Labour’s Awkward Embrace of Growth

The reality, of course, is that Reeves is not trolling anyone. She is simply stating a basic economic truth: Heathrow expansion will support jobs, trade, and exports. Scottish salmon farming—whatever one’s views on its environmental impact—is a world-leading industry that contributes billions to the economy.

But here’s the problem for Labour: many of its most committed activists do not believe in economic growth at all.

For years, Labour MPs (including the Prime Minister) denounced Heathrow expansion as an environmental catastrophe. The eco-left opposes big infrastructure projects, industry, and anything that remotely resembles capitalism. They dream of a world where people fly less, consume less, and stop industrial-scale food production altogether.

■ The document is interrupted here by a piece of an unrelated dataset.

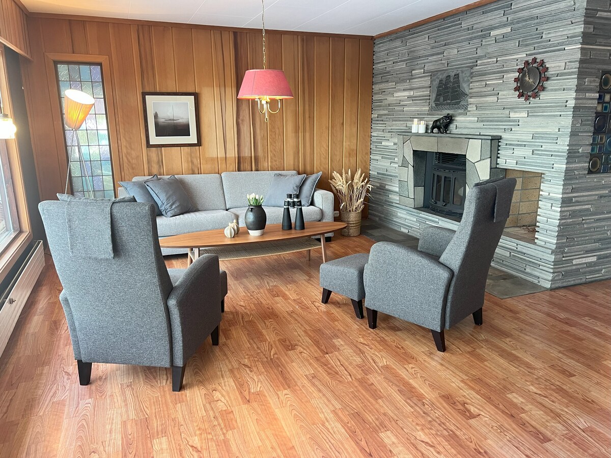 Delikatna i potpuno renovirana brvnara s novouređenim aneksom, samo 20m od obale. Sve je novo i nadograđeno u 2020/2021. godini, a čini se da je brvnara vrlo efikasna i bogato uređena, uprkos skromnim ciljevima. Ima mjesta za punih 13 osoba i krevet za bebe: ukupno 14 osoba. Međutim, najprikladniji je za jednu porodicu. Parcela se nalazi direktno okrenuta prema zapadu i cijeli dan ima sunce s tri plitke pješčane plaže. Brygge and possible to rent our boat, a sting 535 PRO with 50 hp for kr. 5,000 per week.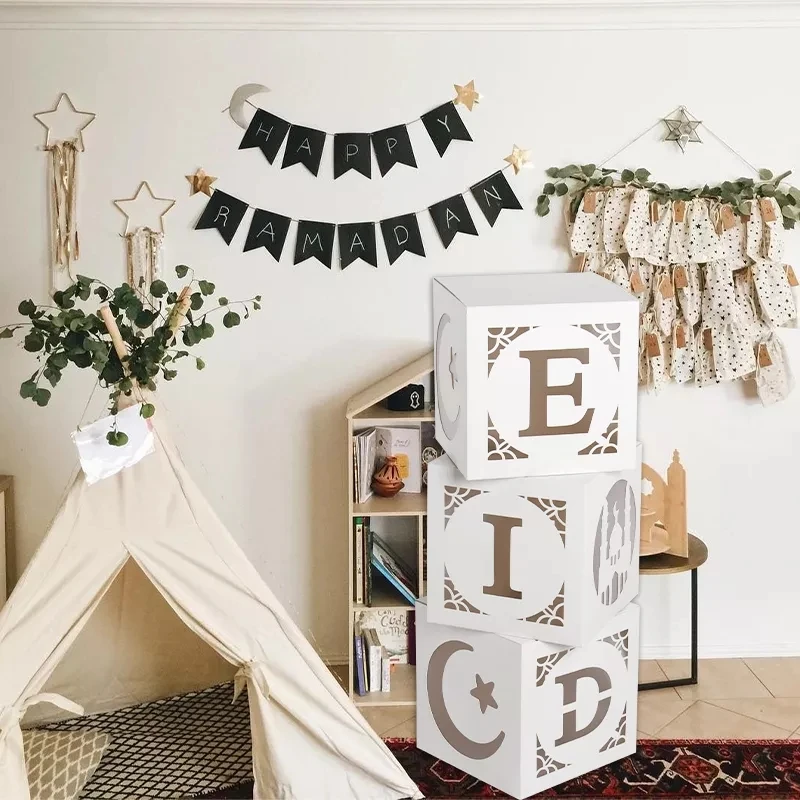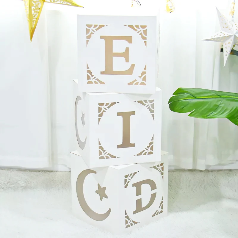 - Boîte à ballons avec lettres décoratives Eid Mubarak, accessoires de décoration pour fête islamique musulmane, Ramadan Kareem

And yet, here is the Labour government making the case for a major infrastructure project on explicitly pro-business terms. Heathrow, they now argue, is essential for Britain’s exports, and salmon farming is an industry worth supporting. This is not the language of climate emergency and economic degrowth—this is the language of free market pragmatism.

Backlash from the Left

Predictably, the eco-wing of the party is outraged. Within hours of Reeves’ speech, activists, climate groups, and Twitter’s usual suspects lined up to denounce Labour’s “corporate sellout”.

The government has now managed to alienate the very people who thought they were finally getting the greenest, most progressive Labour administration in history. What they are getting instead is a party that, when faced with a choice between ideological purity and economic reality, has chosen the latter.

The Real Question: Does Labour Believe in Anything?

Labour’s problem is not just a handful of angry activists. It is that the party has spent years promising different things to different people—and now those contradictions are becoming impossible to manage.

It wants to be pro-business, but also the party of radical climate action.
It wants to support exports, but also hates the industries that make them possible.
It wants economic growth, but doesn’t want to offend the people who think growth itself is a problem.

The Heathrow-salmon defence is just the first in a long series of uncomfortable compromises Labour will have to make. Reeves and Starmer may try to frame themselves as economic realists, but the more they lean into trade, infrastructure, and industry, the more they risk losing the very people who thought they were voting for a government of radical environmental action.

For now, though, the salmon will keep flying out of Heathrow, the eco-left will continue to rage, and Labour will find itself increasingly caught between the economy it needs and the activists it no longer wants to admit it has outgrown.